Critical Attack Slams Microsoft IE 6 and 7

Attack Throgh IE 6 and 7

Attackers could hijack your PC if you simply viewed a Web site or read an HTML e-mail laced with a poisoned animated-cursor file (.ani).So,be alert while opening Webpages and reading HTML pages.The flaw can be targeted through browsers, including Internet Explorer (6 and 7) and Firefox, as well as via Outlook versions 2002 SP3 and later, on Windows XP SP2 and Vista systems. Microsoft says that the risk with IE 7 under Vista is mitigated because of IE’s protected mode, and that Outlook 2007 is safe because it uses Word to display HTML e-mail.

What is surprising is that the Microsoft knew about the hole three months before the attacks began. You can get the patch over Microsoft Automatic Updates or at Microsoft’s website.

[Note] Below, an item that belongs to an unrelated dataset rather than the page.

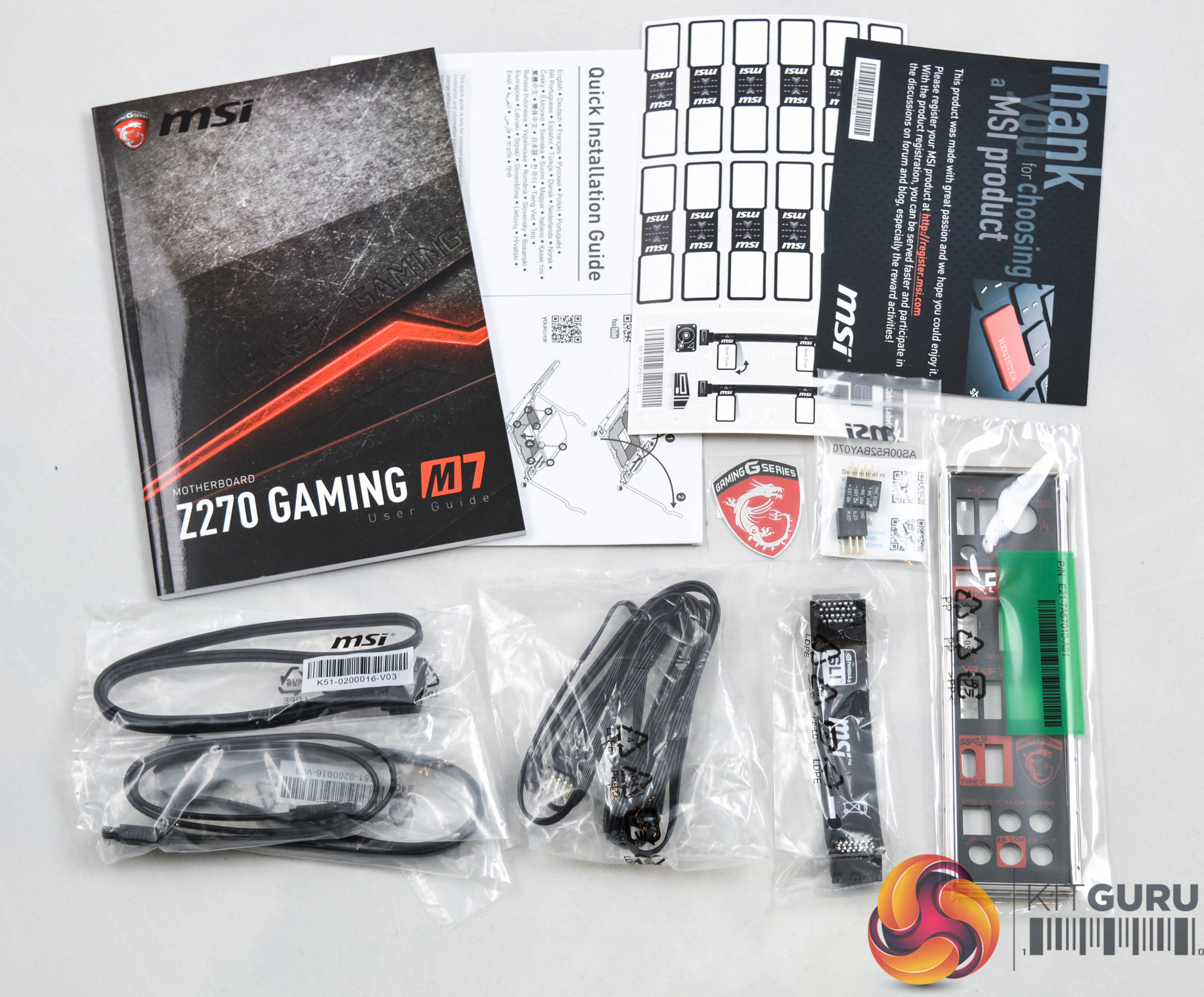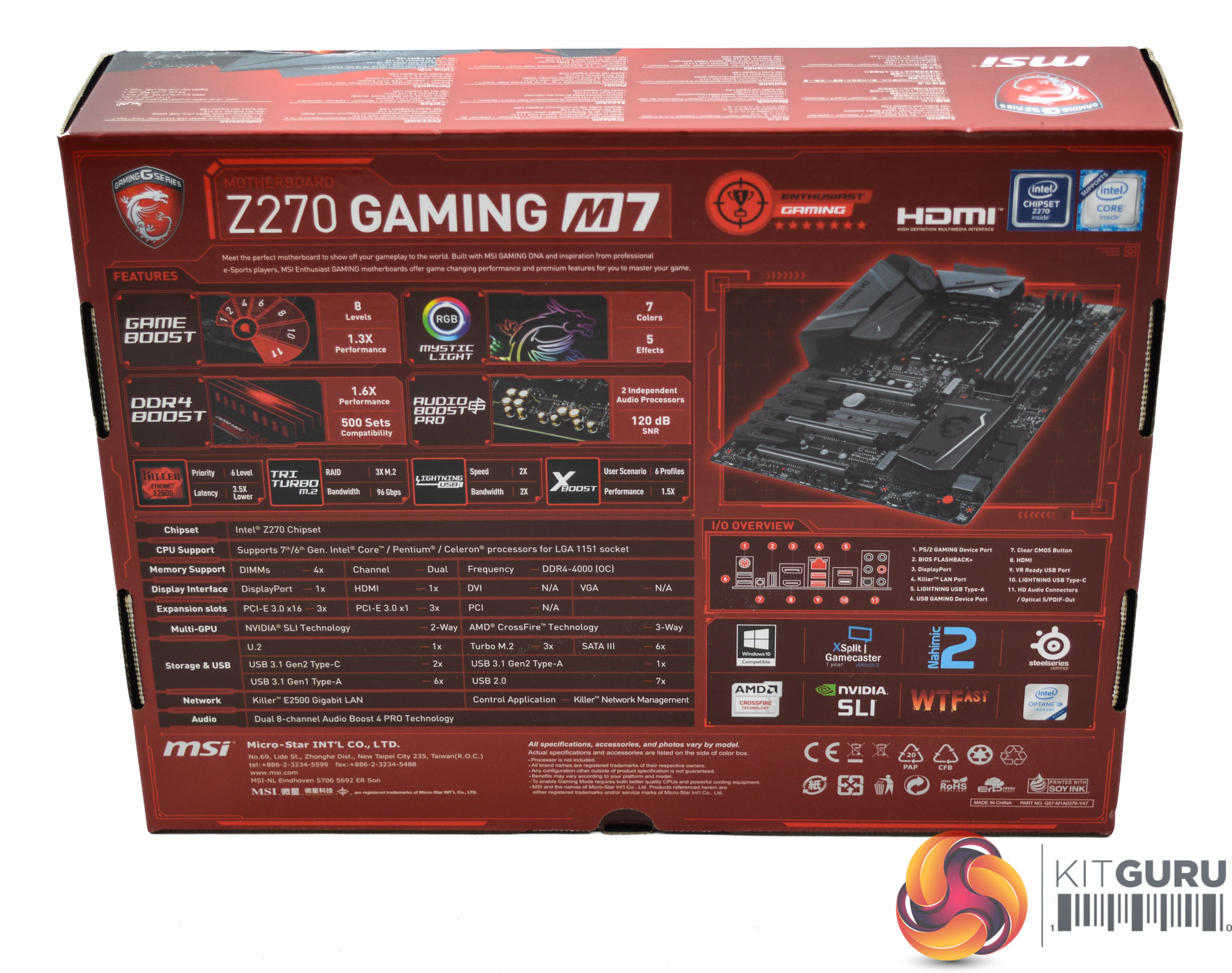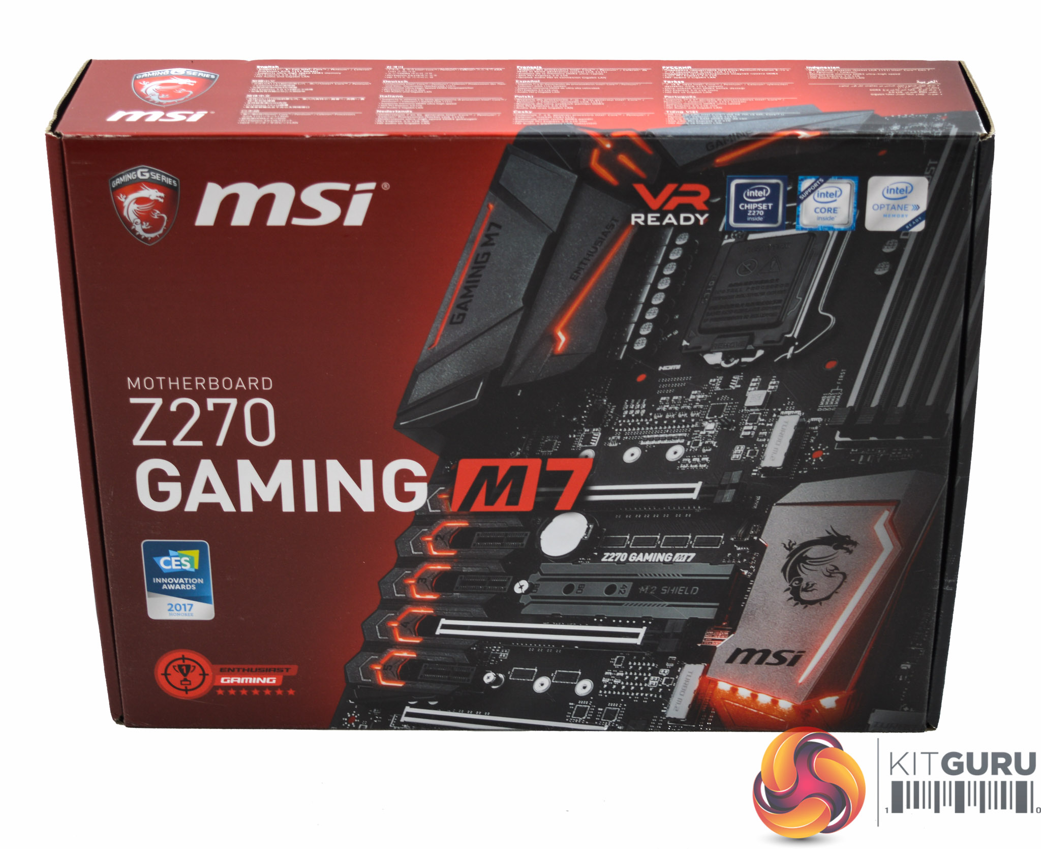 Packaging with the MSI Z270 Gaming M7 is tidy and to the point. MSI outlines all the key features including its uprated dual-codec audio design, support for RGB lighting and enhanced DDR4 memory compatibility.

IE 7’s troubles continue with a proof-of-concept phishing exploit published by security researcher Aviv Raff. Using it, an attacker could fool you and IE with an e-mail or Web link to a doctored error page that, when refreshed as directed, would send you to a phishing site disguised as a legitimate destination. The impostor site would show the real site’s URL in the address bar, potentially tricking even careful surfers.
At press time Microsoft had not yet issued a fix; as always your best bet is never to click an e-mail link to access your bank or other financial account, even if you’re sure that the e-mail is legit. Instead, type in the address yourself or use a bookmark. For more, including a vulnerability test, see the Secunia website.

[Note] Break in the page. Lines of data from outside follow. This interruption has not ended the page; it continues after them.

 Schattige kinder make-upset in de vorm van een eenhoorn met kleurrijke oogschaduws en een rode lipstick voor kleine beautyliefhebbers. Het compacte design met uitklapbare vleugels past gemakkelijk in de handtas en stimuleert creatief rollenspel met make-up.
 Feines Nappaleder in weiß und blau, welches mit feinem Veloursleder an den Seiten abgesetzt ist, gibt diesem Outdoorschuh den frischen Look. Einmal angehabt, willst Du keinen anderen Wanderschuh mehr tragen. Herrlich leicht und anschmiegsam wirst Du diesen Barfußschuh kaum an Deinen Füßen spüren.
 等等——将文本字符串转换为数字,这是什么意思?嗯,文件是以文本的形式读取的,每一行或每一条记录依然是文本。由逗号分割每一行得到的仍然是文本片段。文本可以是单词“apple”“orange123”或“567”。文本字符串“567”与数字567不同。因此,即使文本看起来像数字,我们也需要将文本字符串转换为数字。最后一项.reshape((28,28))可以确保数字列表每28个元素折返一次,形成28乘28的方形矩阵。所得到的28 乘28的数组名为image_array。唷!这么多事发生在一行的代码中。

Microsoft is shipping another patch batch that improves Vista compatibility for a range of programs, including Trend Micro Internet Security 2007 and Microsoft Money 2006. For the patch and a list of affected apps, see Microsoft’s March 2007 Windows Vista Application Compatibility Update. Expect such fixes to be a regular thing.

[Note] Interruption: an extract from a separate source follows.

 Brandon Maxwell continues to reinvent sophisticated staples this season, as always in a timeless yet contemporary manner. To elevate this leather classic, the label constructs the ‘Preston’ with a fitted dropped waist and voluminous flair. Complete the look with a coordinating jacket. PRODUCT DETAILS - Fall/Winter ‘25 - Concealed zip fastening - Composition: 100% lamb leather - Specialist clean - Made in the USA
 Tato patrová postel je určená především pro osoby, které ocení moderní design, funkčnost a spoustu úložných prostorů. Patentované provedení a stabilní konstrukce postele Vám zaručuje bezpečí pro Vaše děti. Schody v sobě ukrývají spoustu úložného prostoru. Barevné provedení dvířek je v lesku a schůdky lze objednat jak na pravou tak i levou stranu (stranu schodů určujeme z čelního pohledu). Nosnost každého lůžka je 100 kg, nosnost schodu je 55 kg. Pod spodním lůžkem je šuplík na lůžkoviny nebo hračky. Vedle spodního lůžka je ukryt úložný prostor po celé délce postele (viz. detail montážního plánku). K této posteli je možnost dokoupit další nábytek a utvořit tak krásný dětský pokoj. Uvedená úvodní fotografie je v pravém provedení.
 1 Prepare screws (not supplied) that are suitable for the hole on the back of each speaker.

Update for Apple Quick Time Media Player.

Apple has released yet another update to fix multiple dangerous holes in its QuickTime media player software for both Mac and Windows.The patch closes eight critical vulnerabilities in how the player handles a variety of media files--and annoyingly it will put QuickTime on your desktop and in your system tray whether you want it there or not. An attacker exploiting any of the flaws could hit you with a drive-by download if you visit a rigged site or click on an e-mail link to a poisoned movie, so make sure that you have version 7.1.5 or later. Learn more from Apple’s page on the security content of QuickTime 7.1.5.

More battery woes

Lenovo is recalling and replacing 205,000 (100,000 in the United States) lithium ion laptop batteries for ThinkPads sold between November 2003 and February 2005, due to an overheating problem that can occur if the battery is dropped or hit. To find out if your battery is affected, see Lenovo’s battery recall support page.



April 25, 2007 at 3:15 PM

woah Microsoft again... It seems like a deliberate move so that their customers will sought back to them for help. Makes me wonder why they don't nip the problem in the bud.

  Syaf The Geek

April 25, 2007 at 10:36 PM

Better don't use IE or just dumped it. Firefox, Netscape and Opera is much better than IE.